Shelter is one of the basic human needs.

Despite accelerated socioeconomic development, the country has not been able to provide affordable housing to its people, especially in urban centres.

It is estimated that about 5,000 Bhutanese are living across the border town in Jaigaon today. According to national housing development corporation limited (NHDCL), 1,259 households applied for the 506 flats under the affordable housing project. The  project that was inaugurated recently comes as a relief to many.

The effort taken to address the housing needs is laudable. But it is not enough. For an issue as pressing as housing needs, leaving it to the luck of the residents to avail the 506 flats will not address the problem. Assuming that about 200 of the 1,259 who registered for the flats have moved out, there are still about 553 households and families whose housing needs will not be met. It is not yet known if NHDCL will initiate another similar project but with the freeze on local area plans lifted and private house owners constructing houses, there is some hope that housing needs would be addressed.

The housing project in Phuentsholing is a response to a situation we are responsible for creating.
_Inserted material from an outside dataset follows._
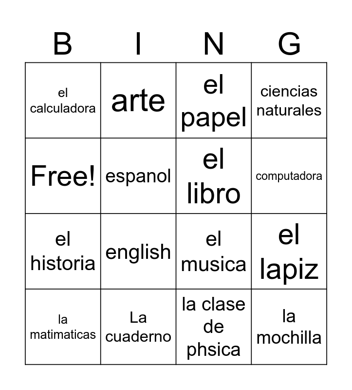 This bingo card has 16 words: La cuaderno, el lapiz, el papel, el calculadora, el historia, arte, el musica, la clase de phsica, Free!, espanol, la matimaticas, ciencias naturales, english, computadora, el libro and la mochilla.

Unplanned development and rural-urban migration contributed in pushing Bhutanese across the border. We must learn lessons from this episode and plan better in meeting the housing needs of the people.

This calls for an urgent need to assess the housing need across the country. According to the population and housing census report 2017, Phuentshogling thromde and Thimphu thromde saw a net of 511 and 449 migrants per 1,000 populations. Family move, employment and education are the most common reasons for migrating to these urban centres.

For each of these families, access to affordable housing is the most immediate priority and challenge. With these needs going unmet, our cities have seen the emergence of slums. We have seen the social ills breeding from such living conditions.

The 2002 National Housing Policy does not address the current housing issues. It is good that a draft of the revised housing policy is now with the GNH commission. But a housing policy alone is not good enough because implementation relies on other public policy interventions. There is already a dire need to address access to improved drinking water and sanitation facilities especially in urban centres. Road connectivity and access to employment opportunities, healthcare and education facilities are also important considerations but at a time when we are still struggling to provide basic amenities such as drinking water supply, other services have become a luxury today.

The draft policy notes that an increasing number of residential buildings are converted into institutional and commercial uses reducing housing stock. The parliament members’ office is a good example of how the absence of an office space for MPs has resulted in the National Assembly Secretariat renting a private building to provide space for our elected representatives. The second parliament dissolves today, but their issue of office space and the people’s housing needs remain.